He turns a flip as he falls, before landing unceremoniously on his back. His shirt is entirely gone and he’s halfway out of his pants, but thankfully his underwear is still there, his modesty preserved.

“Pig!” Daisy shouts from the window. A shirt, jacket, belt and a pair of shoes come flying out one after another, lying in a heap around the still groaning man. Daisy’s head pokes out next, her face screwed up like she’s about to set off on one of her legendary string of expletives, but then she sees you and Alice and all the rage on her face melts away. “Hey y’all!” She shouts. “What’s the occasion?”
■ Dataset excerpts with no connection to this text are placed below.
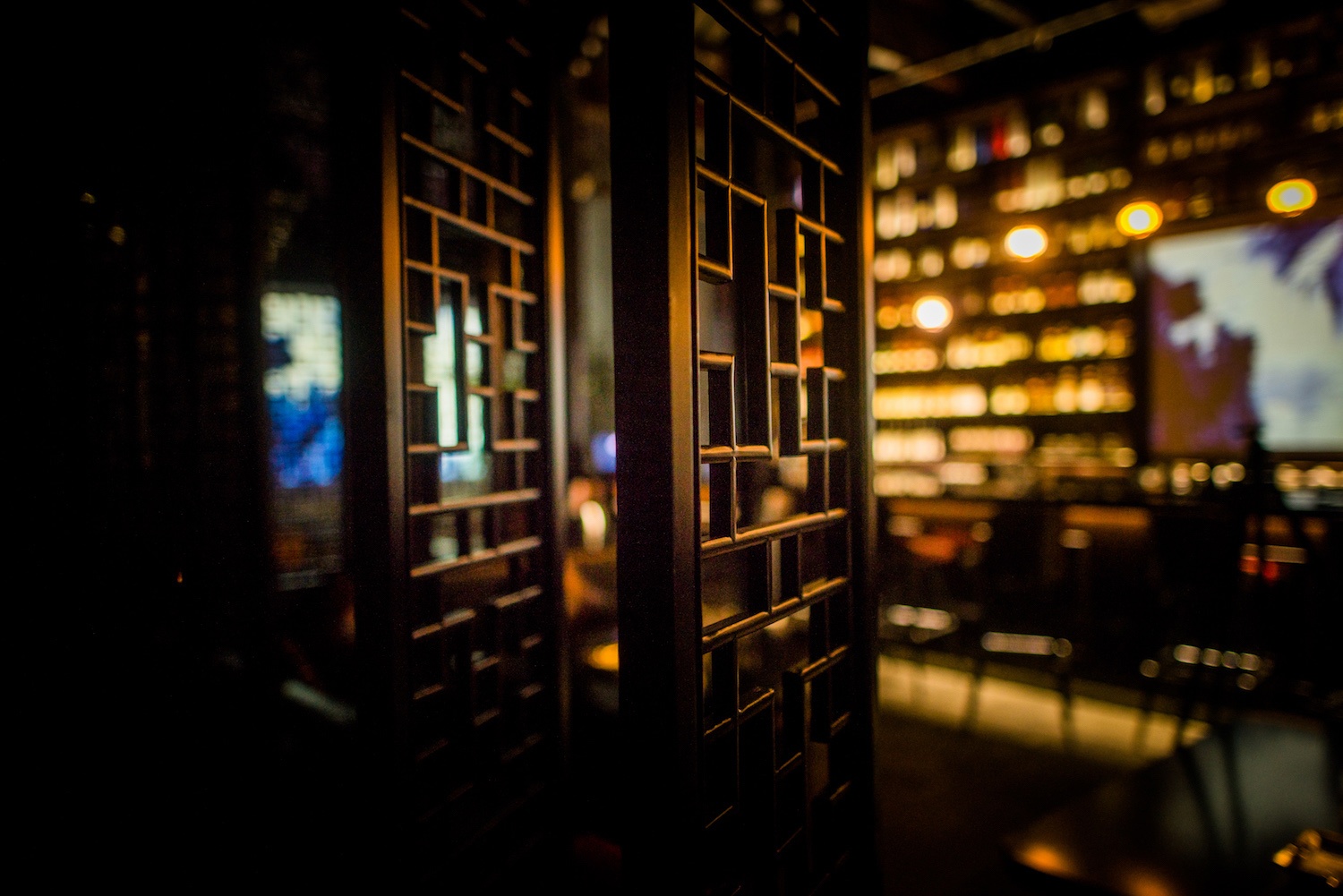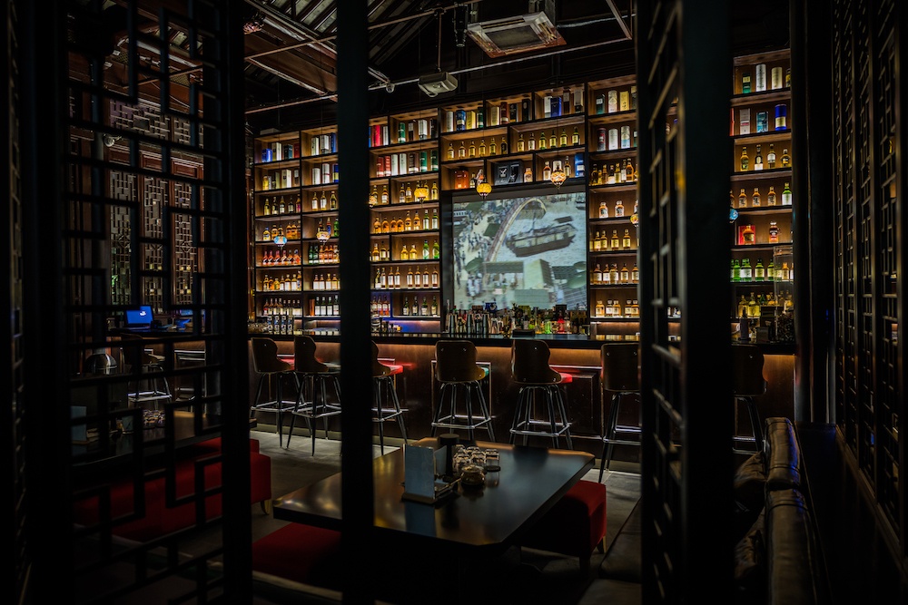 There is a tricky problem in constructing Pan House that everything in the original building cannot be altered, not even possible to hammer a nail in. However, this difficulty has led Li to utilise the advantages of the existing construction. The four original tall pillars made of Phoebe zhennan has been integrated with carved wooden screens that are 3.6 metres tall, to create a semi-private space and the centre of the bar. Another highlight appears in the wine cabinet which is 9 metres wide and 4 metres high, taking up 36 M² vertical space. It gives customers a striking impression when they first enter the bar.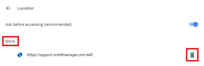 - If you see your platform in the 'Block' list, click the rubbish bin icon to remove it (as below)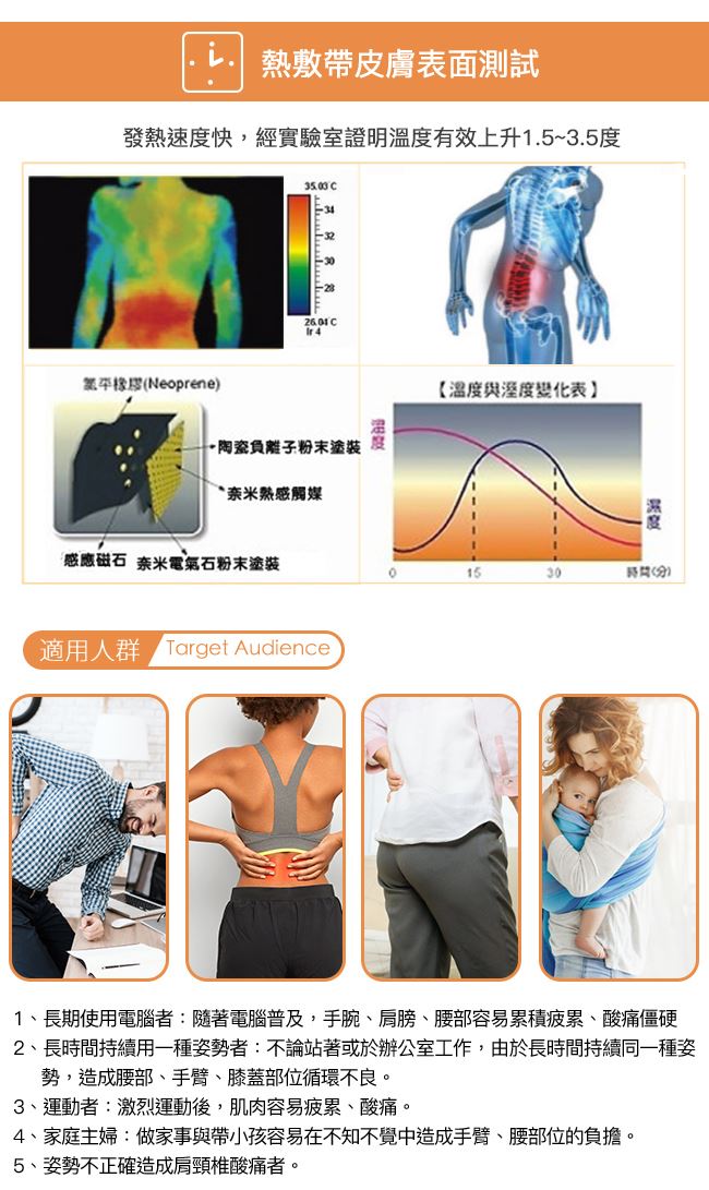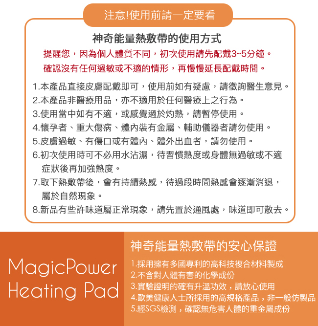 | 【注意事項或使用方法】 | 1.本產品直接皮膚配戴即可,使用前如有疑慮,請徵詢醫生意見。 2.本產品非醫療用品,亦不適用於任何醫療上之行為。 3.使用當中如有不適,或感覺過於灼熱,請暫停使用。 4.懷孕者、重大傷病、體內裝有金屬、輔助儀器者請勿使用。 5.皮膚過敏、有傷口或有體內、體外出血者,請勿使用。 6.初次使用時可不必用水沾濕,待習慣熱度或身體無過敏或不適症狀後再加強熱度。 7.取下熱敷帶後,會有持續熱感,待過段時間熱感會逐漸消退 ,屬於自然現象。 8.新品有些許味道屬正常現象,請先置於通風處,味道即可散去。 |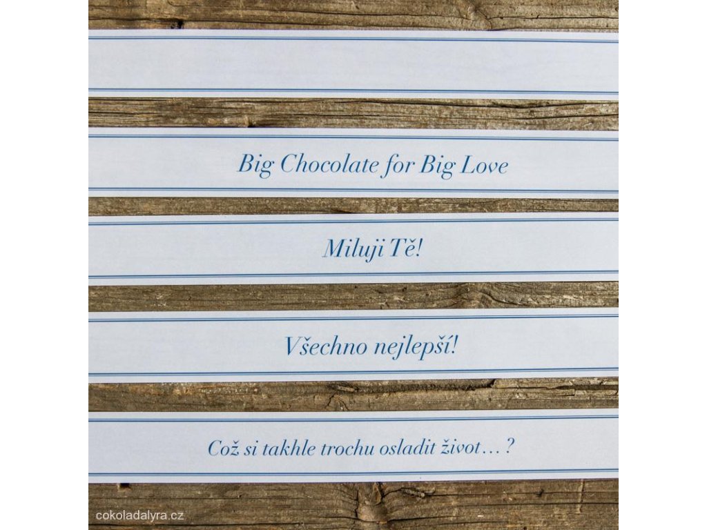 Jako doplněk můžete zvolit proužek pauzovacího papíru s potiskem či bez potisku, který čokoládě přidá konkrétní podobu případného přání.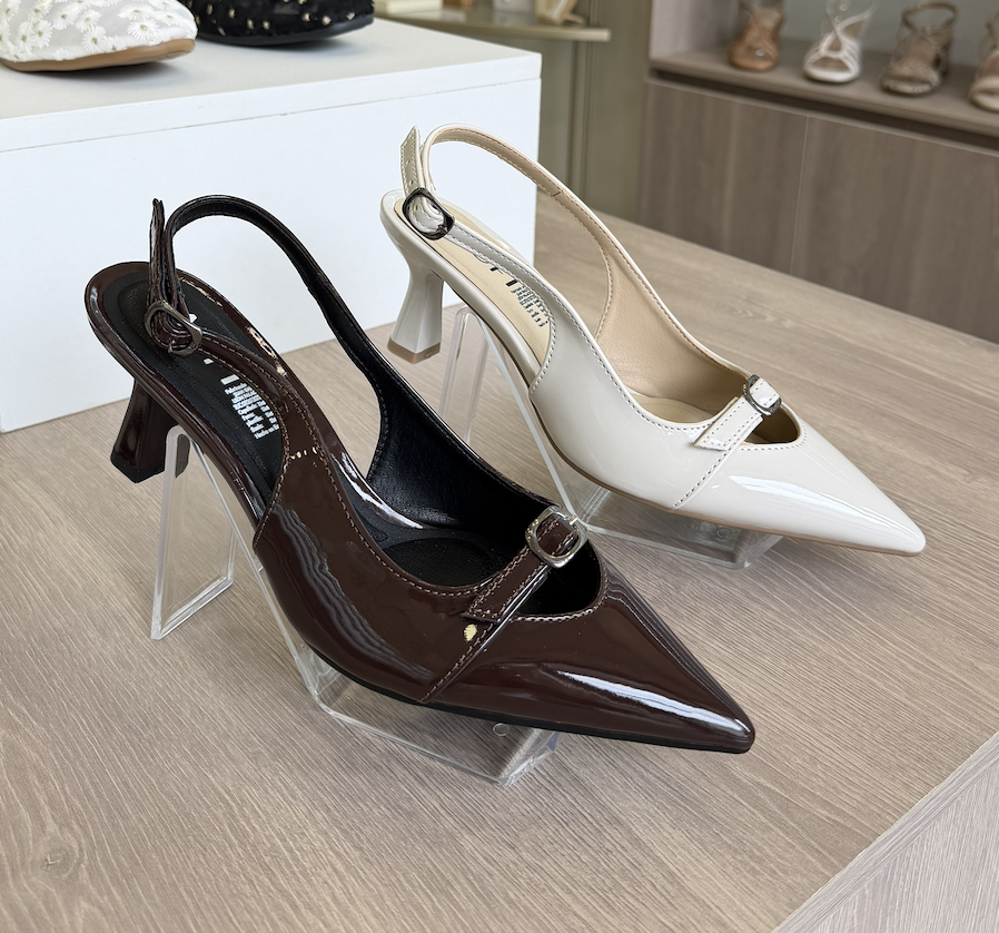 Zapato de silueta de punta fina con taco fino tamaño medio , capellada básica, stiletto con hebilla encima

“How do you know there’s an occasion?” You call back, while Alice makes sure the man hasn’t broken any bones.

Daisy leans her elbows on the sill and smiles, white teeth behind red lips. “It’s the dead of summer and you’ve got your scarf,” she says. “Which means there’s some excitement or the other. You dork.”

“We’re going to see Miss Betty at the river,” Alice says. Her voice is soft as usual, but Daisy has ears like a bat and never seems troubled to hear her.

“We’ll fill you in on the way!” You shout. “Get down here!”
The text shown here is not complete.